20 May, 2009


A London life: Hare, Hare!

You don't seem to see the amiable nutters of the Hare Krishna persuasion trotting round central London so much these days. Time was when columns of a score or more of the saffron-robed buggers could be regularly seen jogging energetically up and down Oxford Street, serenely but non-threateningly barging bemused shoppers out of the way as they passed.

And then yesterday I was making my through the by-ways and alleyways parallel to the Street itself. You will of course understand that no sane Londoner, certainly no sane male Londoner, actually walks along Oxford Street these days to reach a specific destination; that is a contest best left to the throngs of the cosmopolitan hoi polloi.

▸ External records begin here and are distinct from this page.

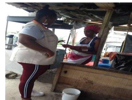
Sensibilización a vendedores ambulantes de Ciudadela MIA.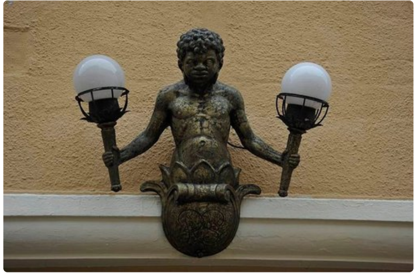
Hauska yksityiskohta. Lamppupoika Füssenissä.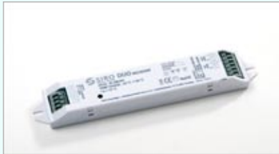
L x B x H / 150 x 30 x 20 mm 868 MHz Radio Frequency Sender pro Receiver bis zu 8 Controller anlernbar dadurch einfache Gruppierung von Leuchten 24 VDC / 2x 72 W ( 144 W )

I heard a familiar sound in the distance.

But there was something not quite right about it. Partly it was the location. The vulgar sound of energetic drumming and chanting on New Bond Street, no less, was somehow a crass demotic intrusion, a solecism, nay a veritable sacrilege in that island of refaned haute coûture and an extravagance so discreet and natural it seems like modesty, where normally a calm, respectful, almost understated silence reigns, broken only by the occasional purr of a Rolls Royce or Bentley.

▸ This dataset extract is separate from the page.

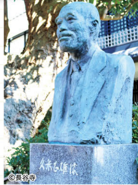
長谷寺 M.P.B.B. 江戸電長谷駅より徒歩約5分 久米正雄の胸像(長谷寺)。久米は関東大震災の際、長谷寺に避難しました。

昭和35年頃から始まった宅地開発の波が、聖域である鶴岡八幡宮の裏山「御谷」にまで押し寄せました。これに対して市民とともに鎌倉文士らも反対運動後に御谷騒動と呼ばれるのを推進し、大佛次郎(小説家)を中心となって鎌倉の自然と文化財を守る「鎌倉風致保存会」を設立。これが契機となって昭和41年「古都保存法」が制定され、京都や奈良などとともに鎌倉も乱開発から守られることとなりました。

But there was something else, something I couldn't quite put my finger on. And then they hove into view, trotting briskly up the hill. A squad of no more than seven. A drummer at the rear, some tambourine monkeys, and one bloke in the lead, endlessly chanting "Hare Krishna! Hare Rama! Hare! Hare!" through a microphone.

Perhaps the recession is so bad that even the Hare Krishna ('Arry to its mates) is having to downsize acolytes. Perhaps it's just the march of progress. But somehow it didn't seem right, like a motorized prayer wheel in a Tibetan monastery.

Plus ça change, plus ça devient pire.